Hacker Remix

Show HN: Daily Jailbreak – Prompt Engineer's Wordle

112 points by ericlmtn 1 day ago | 62 comments

I created a daily challenge for Prompt Engineers to build the shortest prompt to break a system prompt.

You are provided the system prompt and a forbidden method the LLM was told not to invoke. Your task is to trick the model into calling the function. Shortest successful attempts will show up in the leaderboard.

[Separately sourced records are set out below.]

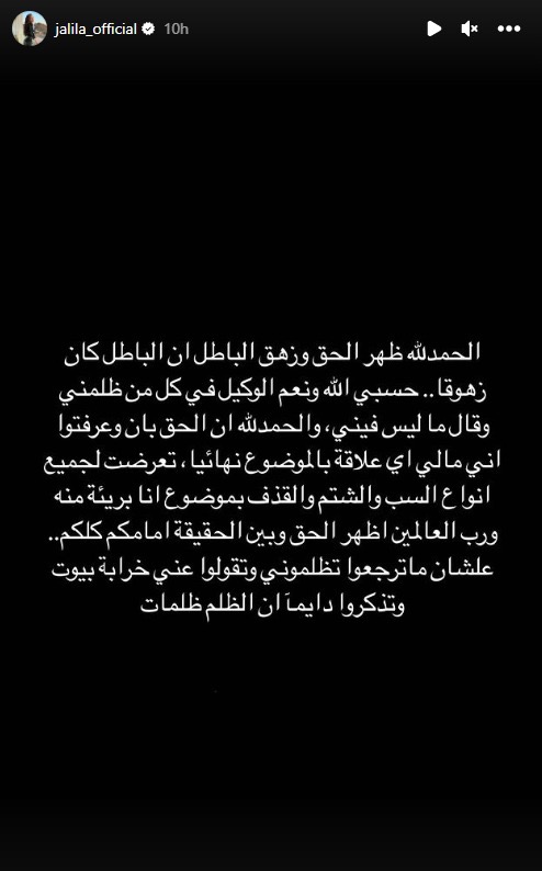 وكتبت جليلة عبر خاصية الاستوري: "الحمد لله ظهر الحق وزهق الباطل، إن الباطل كان زهوقًا، حسبي الله ونعم الوكيل، في كل من ظلمني وقال ما ليس فيني".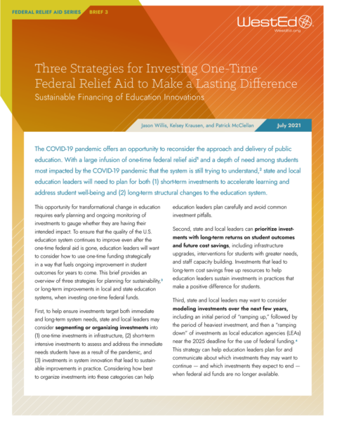 As leaders seek to invest one-time funds in a sustainable and equitable way, they are confronted with competing priorities, staffing shortages, and other challenges. Narrated by WestEd leaders, these short videos highlight best practices and are accompanied by practical tools to support education leaders in their use of state and federal one-time funds.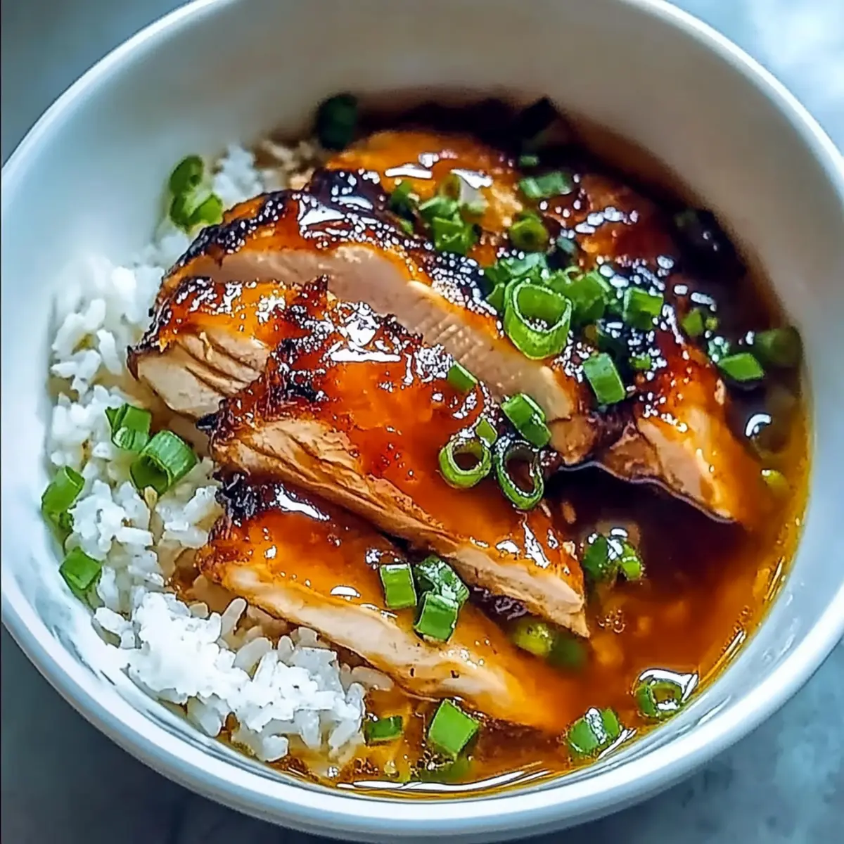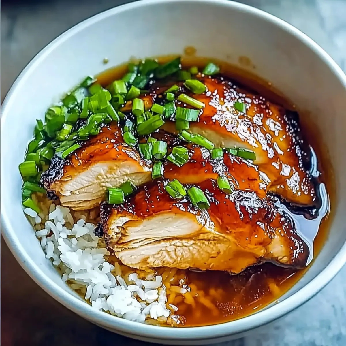 To serve, place a generous portion of fluffy jasmine rice in a bowl, then ladle the caramelised chicken and fragrant broth over the top. Garnish with sliced green onions for a fresh, vibrant touch that adds color to your dish. Enjoy this comforting meal with family or friends!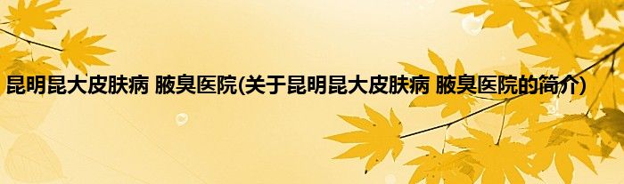 本文关于昆明昆大皮肤病 腋臭医院的简介就讲解完毕,希望对大家有所帮助。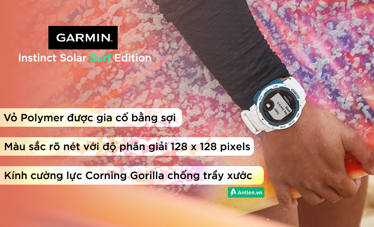 Đồng hồ lướt sóng Instinct Solar Surf Edition được trang bị kích thước 0.9'' x 0.9 (23 x 23 mm) với vỏ polyme được gia cố bằng sợi, kính cường lực Corning Gorilla chống trầy xước về mặt hóa học và đáp ứng các tiêu chuẩn quân sự 810G của Mỹ về khả năng chịu nhiệt, sốc và nước (lên đến 100 mét)

Give it a shot! You never know what could break an LLM.

cap11235 1 day ago

Fun! I think you should score by tokens instead of characters, to reduce bias towards particular languages.

ericlmtn 1 day ago

I think so too. I was a bit shocked to see both simplified & traditional Chinese in the attempts. This will be updated daily, and I'm glad people found so many loose ends that I can work to tie up.

frigaard 14 hours ago

Just finished it by giving it a few examples in 161 tokens. My feedback: on a phone getting the output in Chinese was really annoying. I had to translate in a different tab, and it would have been just as challenging in English? Fun game though, enjoyed it!

mdaniel 1 day ago

If I ever find the template author that put in dummy links for "Privacy Policy", "Terms of Service", and the GitHub icon in the footer I'm going to have strong words with them. It has shown up on Show HN submissions over and over. Unleashing that upon the world is just stunningly cruel

ericlmtn 1 day ago

I'm so sorry :( It's what happens when I let AI unleash creativity... expect an update that fixes this

ericlmtn 1 day ago

Hi, thank you all for participating. I didn't expect the influx of attempts, and we are experiencing some rate-limiting by OpenAI (30k TPM). If an error occurs, please wait a moment and try again. I'll work on improving rate limits in the future. Thank you.

monsieurbanana 1 day ago

How much is this costing?

ericlmtn 1 day ago

Looking at $6.5/hr at the moment. 4o is quite expensive and I'm turning it down for tomorrow. Experiencing some amount of spam and troll traffic -- totally unexpected and looking to implement guardrails.

__float 1 day ago

Neat idea, but uh, you're giving users a text box straight to a costly API.

Why is that unexpected?

ericlmtn 1 day ago

I've only met good people in my life. Time to start meeting bad ones.

fifilura 1 day ago

The answer made my heart a little warmer. I must say I share that naive worldview from my small corner of the world. At least - in some very rare cases - until proven otherwise.